───── Data for review ─────

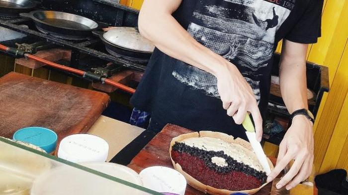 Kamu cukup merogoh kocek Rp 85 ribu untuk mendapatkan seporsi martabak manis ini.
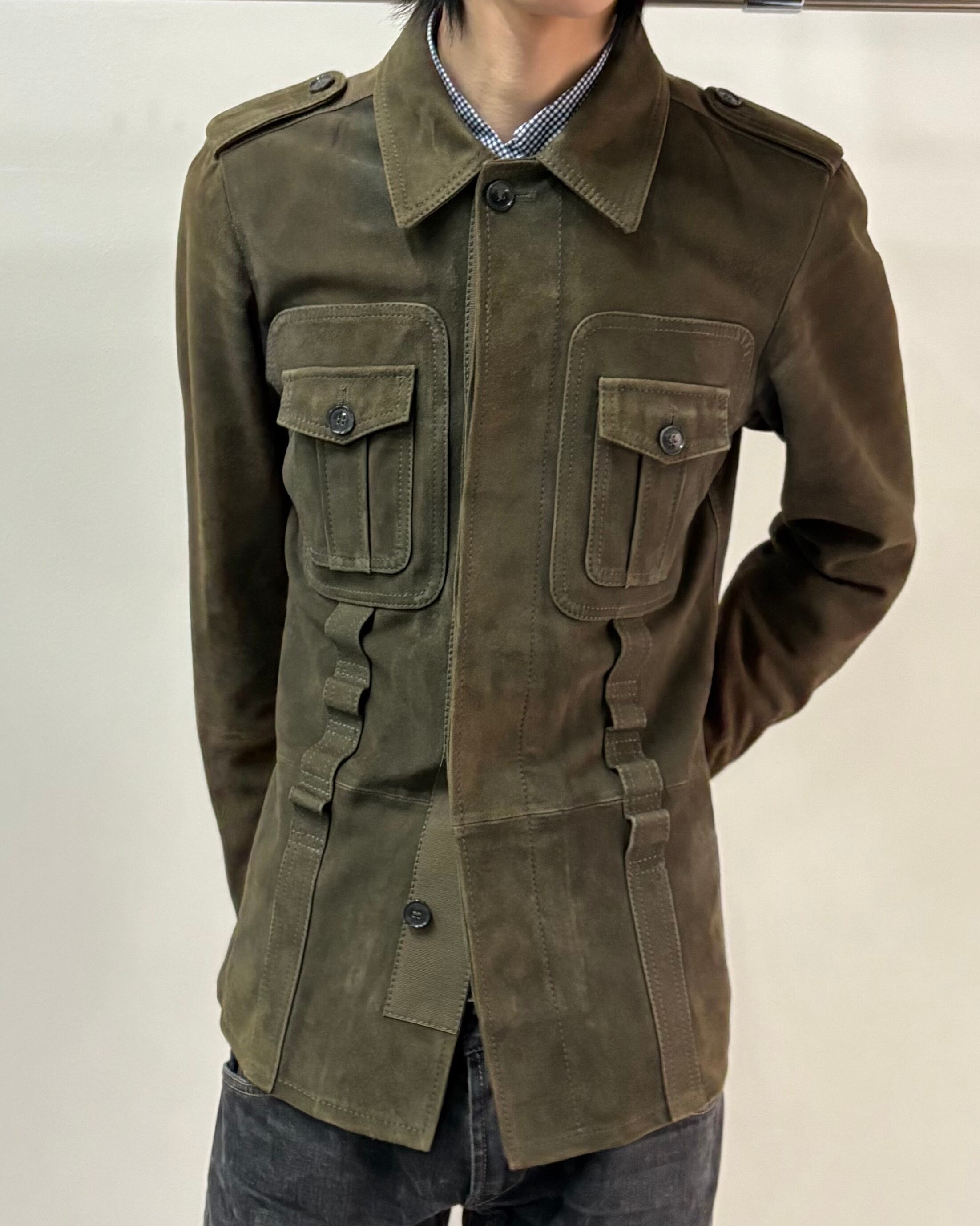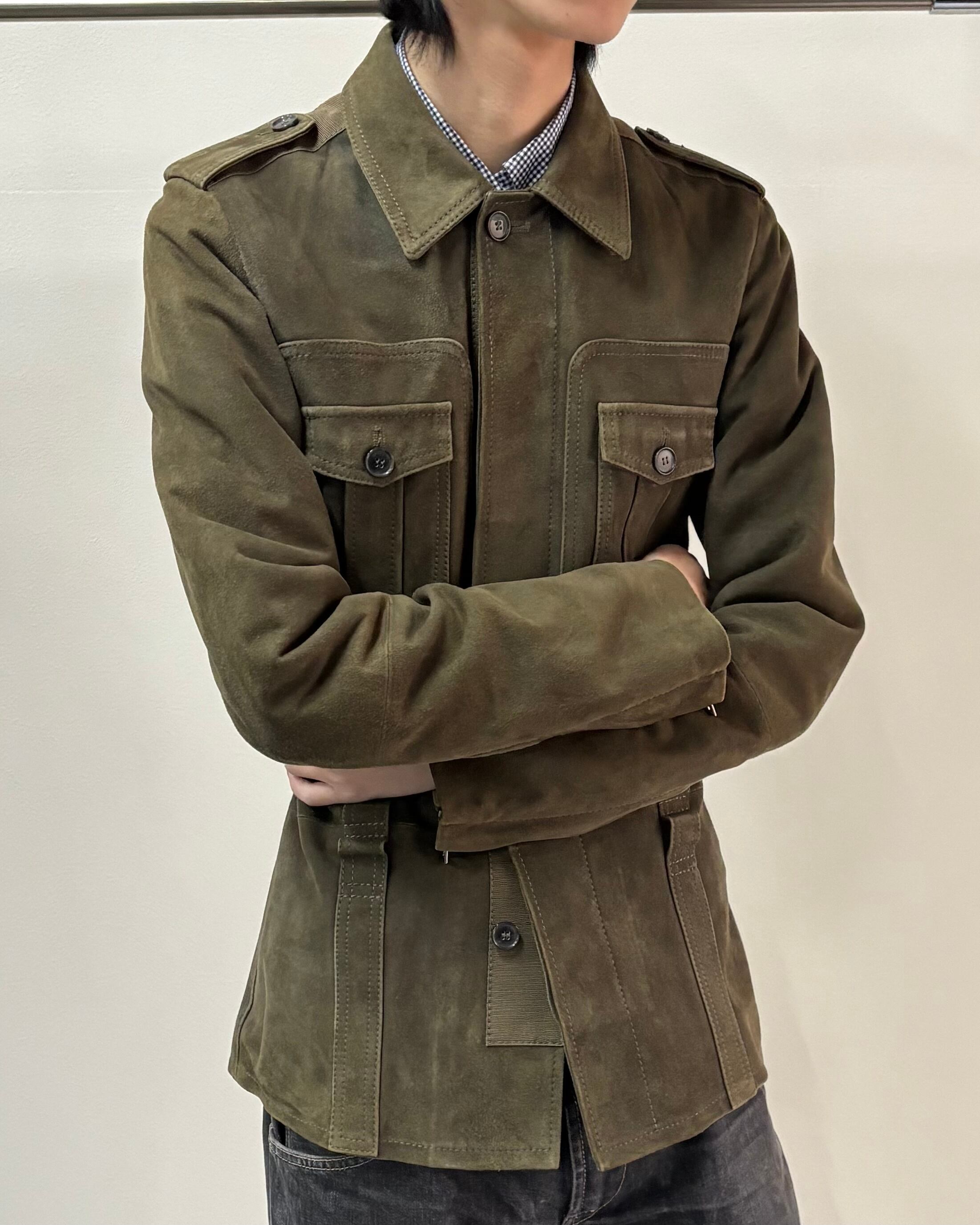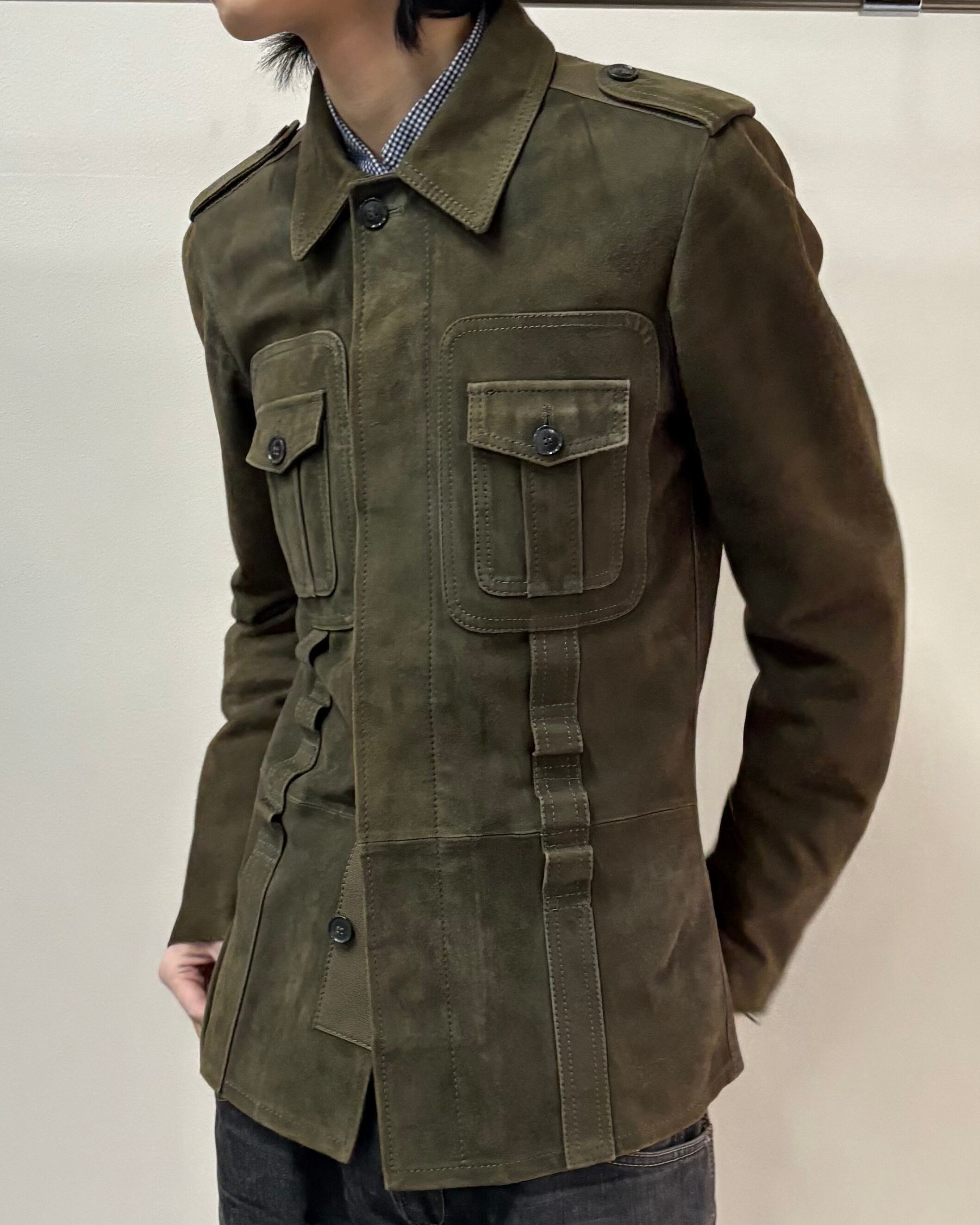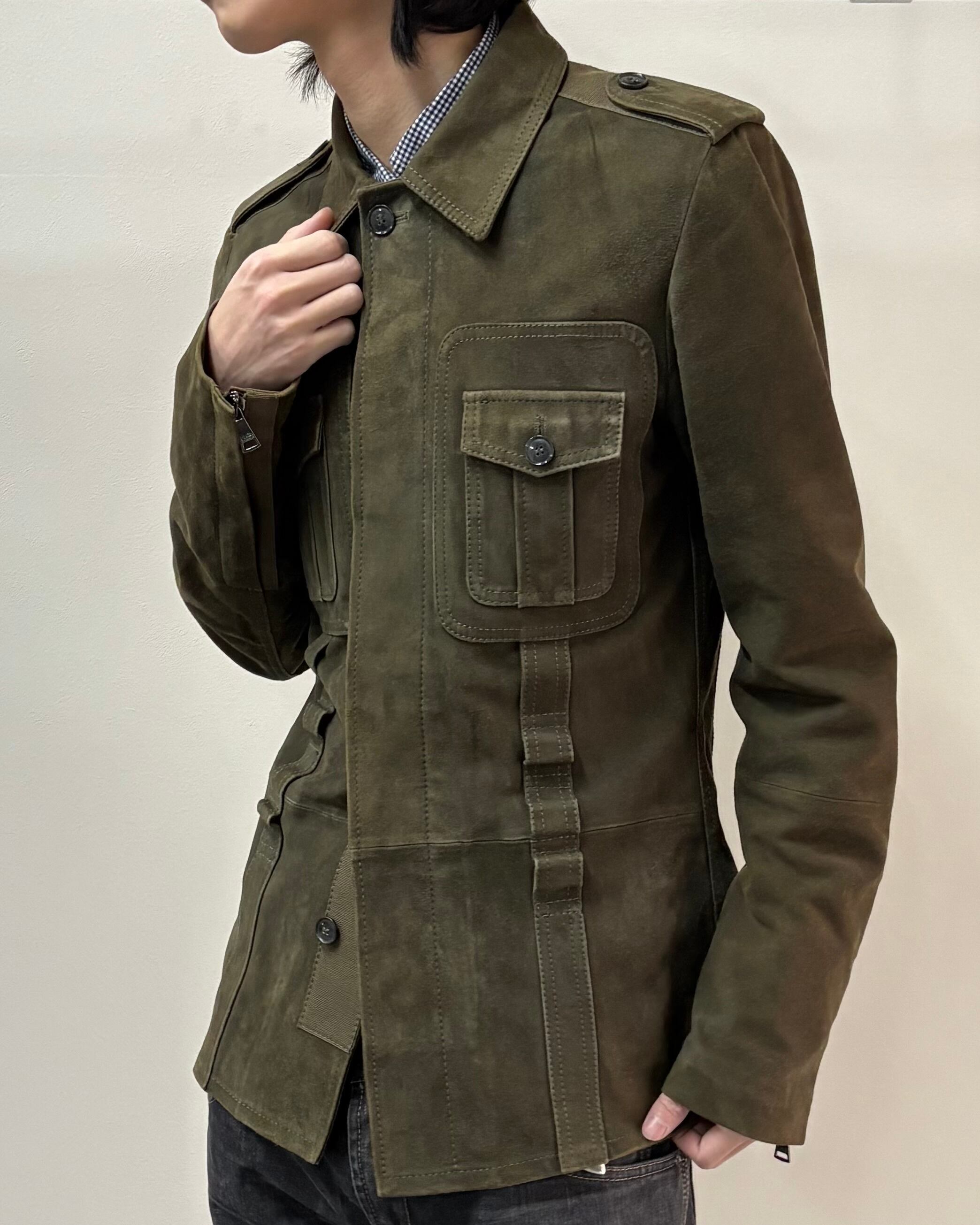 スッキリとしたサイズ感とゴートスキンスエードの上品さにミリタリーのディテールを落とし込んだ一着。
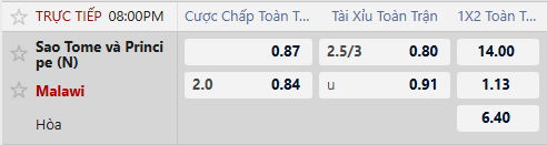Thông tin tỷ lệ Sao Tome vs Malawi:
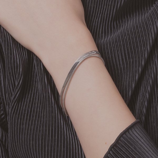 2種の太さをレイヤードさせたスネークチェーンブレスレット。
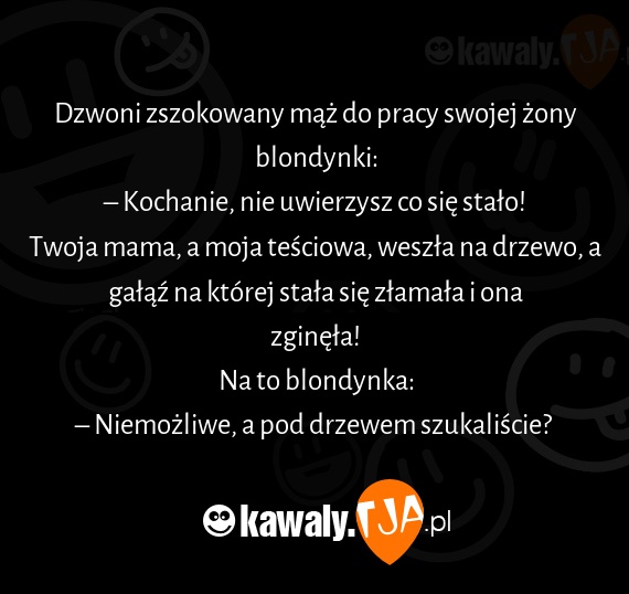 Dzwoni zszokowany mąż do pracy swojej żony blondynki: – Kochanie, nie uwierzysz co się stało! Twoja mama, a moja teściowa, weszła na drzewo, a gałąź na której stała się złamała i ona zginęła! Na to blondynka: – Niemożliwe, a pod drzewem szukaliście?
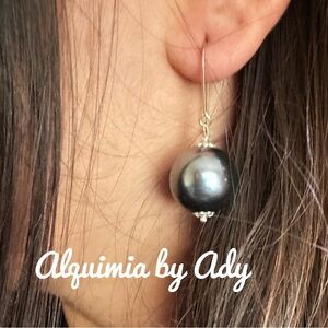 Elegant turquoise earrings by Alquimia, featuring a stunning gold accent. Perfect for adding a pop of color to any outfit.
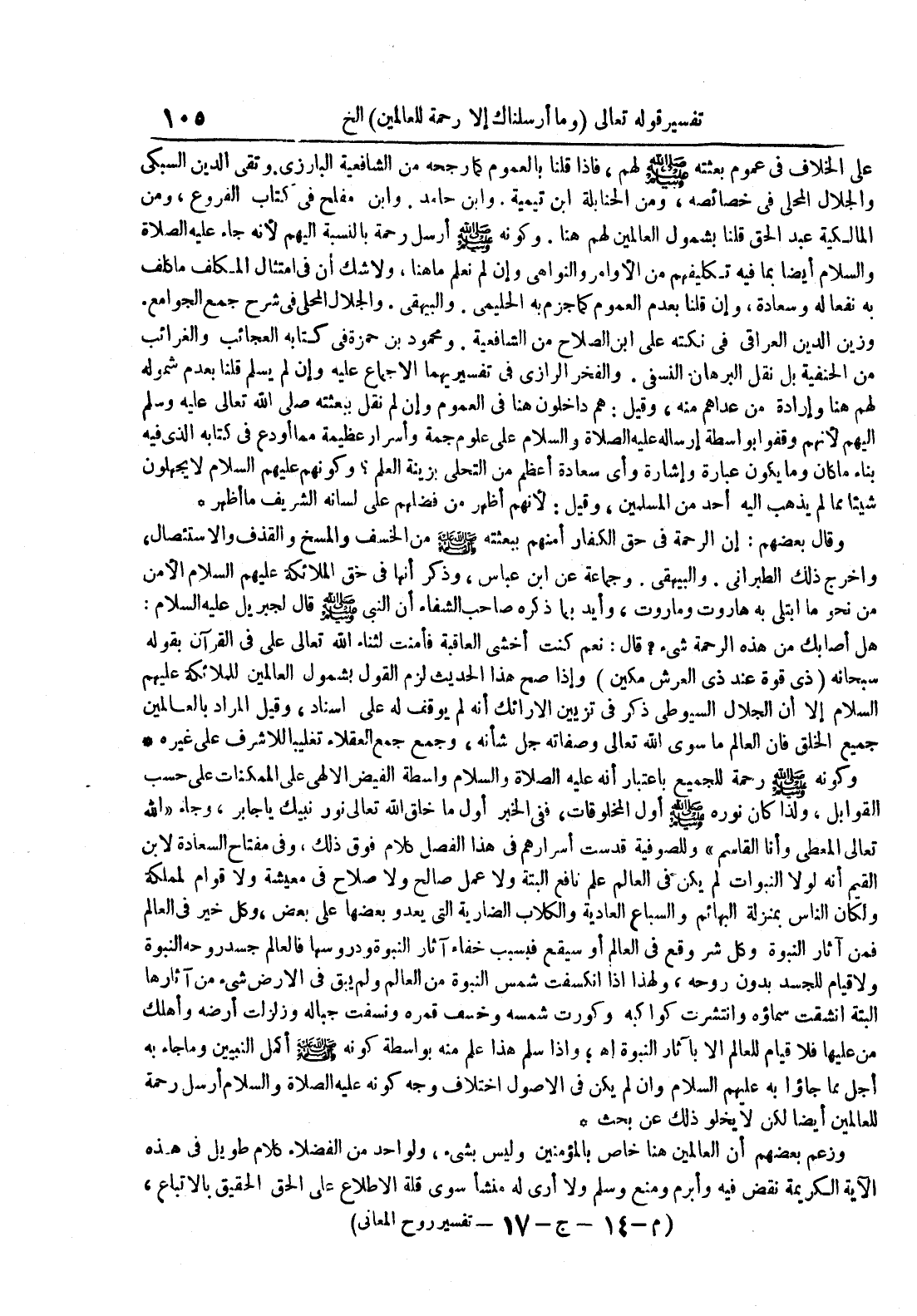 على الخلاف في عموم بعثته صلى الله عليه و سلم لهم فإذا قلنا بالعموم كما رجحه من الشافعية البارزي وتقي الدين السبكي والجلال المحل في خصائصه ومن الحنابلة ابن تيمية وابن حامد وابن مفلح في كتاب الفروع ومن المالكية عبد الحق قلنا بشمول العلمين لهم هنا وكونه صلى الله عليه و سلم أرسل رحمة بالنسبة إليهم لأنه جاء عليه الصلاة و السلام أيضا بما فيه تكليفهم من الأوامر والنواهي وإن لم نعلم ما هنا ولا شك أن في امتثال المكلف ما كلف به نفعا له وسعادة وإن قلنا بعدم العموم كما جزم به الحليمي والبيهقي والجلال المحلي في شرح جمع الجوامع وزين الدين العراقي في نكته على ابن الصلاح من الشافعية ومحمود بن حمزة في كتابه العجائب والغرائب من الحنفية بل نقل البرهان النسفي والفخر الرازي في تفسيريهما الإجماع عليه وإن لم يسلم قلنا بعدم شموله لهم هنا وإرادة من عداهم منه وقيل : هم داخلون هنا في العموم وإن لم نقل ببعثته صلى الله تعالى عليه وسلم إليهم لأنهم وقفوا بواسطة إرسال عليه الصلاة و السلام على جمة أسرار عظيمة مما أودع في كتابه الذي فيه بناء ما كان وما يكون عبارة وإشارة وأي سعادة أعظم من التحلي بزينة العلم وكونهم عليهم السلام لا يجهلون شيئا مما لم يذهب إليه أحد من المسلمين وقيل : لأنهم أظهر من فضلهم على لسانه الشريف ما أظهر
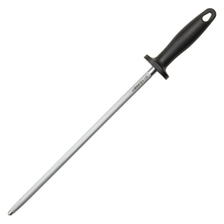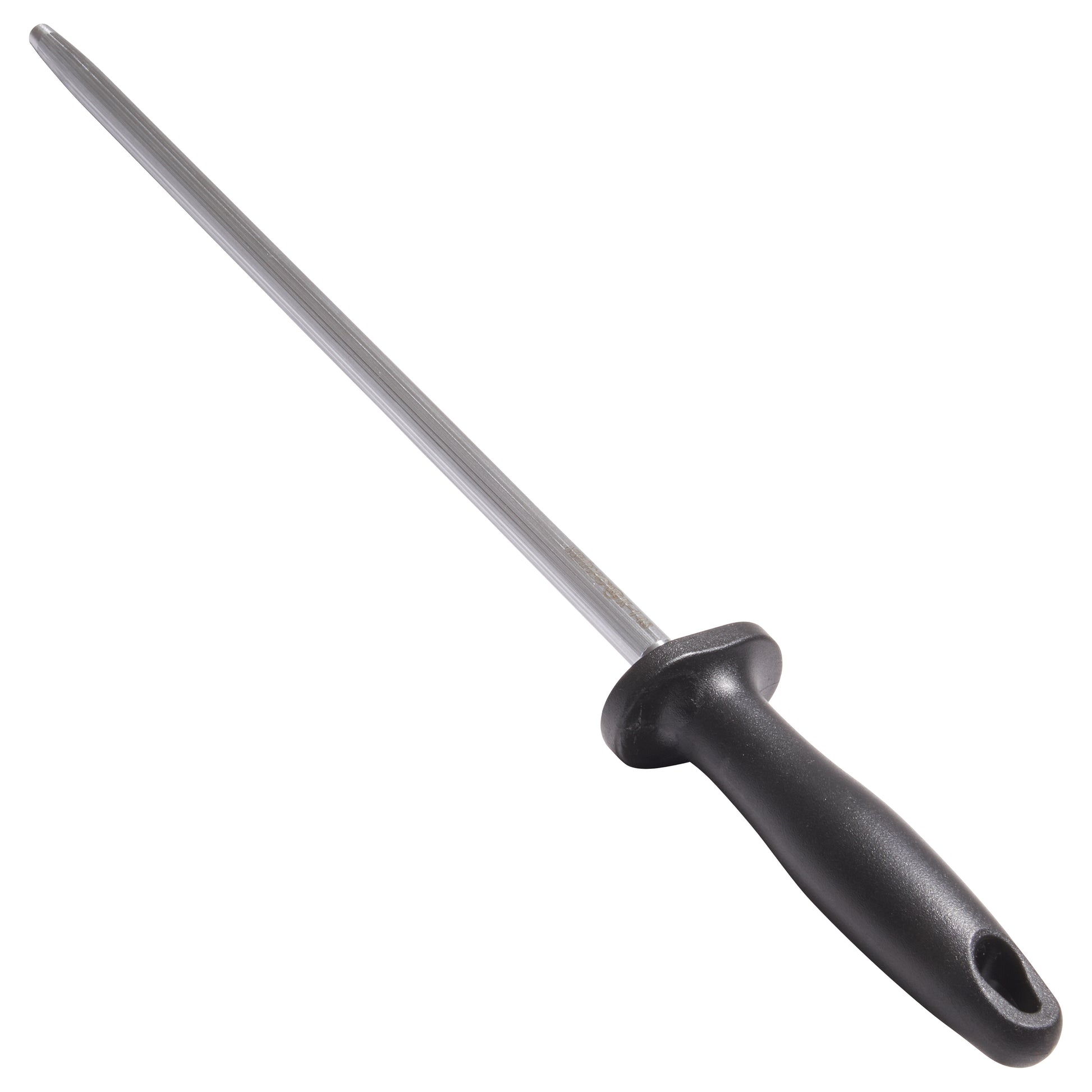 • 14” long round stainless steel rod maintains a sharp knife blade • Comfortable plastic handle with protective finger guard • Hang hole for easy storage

─────

• _Task to complete_:
Reproduce the data word for word; no pictures.

• _Result of this exercise_:
 Kamu cukup merogoh kocek Rp 85 ribu untuk mendapatkan seporsi martabak manis ini.
 スッキリとしたサイズ感とゴートスキンスエードの上品さにミリタリーのディテールを落とし込んだ一着。
Thông tin tỷ lệ Sao Tome vs Malawi:
 2種の太さをレイヤードさせたスネークチェーンブレスレット。
 Dzwoni zszokowany mąż do pracy swojej żony blondynki: – Kochanie, nie uwierzysz co się stało! Twoja mama, a moja teściowa, weszła na drzewo, a gałąź na której stała się złamała i ona zginęła! Na to blondynka: – Niemożliwe, a pod drzewem szukaliście?
 Elegant turquoise earrings by Alquimia, featuring a stunning gold accent. Perfect for adding a pop of color to any outfit.
 على الخلاف في عموم بعثته صلى الله عليه و سلم لهم فإذا قلنا بالعموم كما رجحه من الشافعية البارزي وتقي الدين السبكي والجلال المحل في خصائصه ومن الحنابلة ابن تيمية وابن حامد وابن مفلح في كتاب الفروع ومن المالكية عبد الحق قلنا بشمول العلمين لهم هنا وكونه صلى الله عليه و سلم أرسل رحمة بالنسبة إليهم لأنه جاء عليه الصلاة و السلام أيضا بما فيه تكليفهم من الأوامر والنواهي وإن لم نعلم ما هنا ولا شك أن في امتثال المكلف ما كلف به نفعا له وسعادة وإن قلنا بعدم العموم كما جزم به الحليمي والبيهقي والجلال المحلي في شرح جمع الجوامع وزين الدين العراقي في نكته على ابن الصلاح من الشافعية ومحمود بن حمزة في كتابه العجائب والغرائب من الحنفية بل نقل البرهان النسفي والفخر الرازي في تفسيريهما الإجماع عليه وإن لم يسلم قلنا بعدم شموله لهم هنا وإرادة من عداهم منه وقيل : هم داخلون هنا في العموم وإن لم نقل ببعثته صلى الله تعالى عليه وسلم إليهم لأنهم وقفوا بواسطة إرسال عليه الصلاة و السلام على جمة أسرار عظيمة مما أودع في كتابه الذي فيه بناء ما كان وما يكون عبارة وإشارة وأي سعادة أعظم من التحلي بزينة العلم وكونهم عليهم السلام لا يجهلون شيئا مما لم يذهب إليه أحد من المسلمين وقيل : لأنهم أظهر من فضلهم على لسانه الشريف ما أظهر
 • 14” long round stainless steel rod maintains a sharp knife blade • Comfortable plastic handle with protective finger guard • Hang hole for easy storage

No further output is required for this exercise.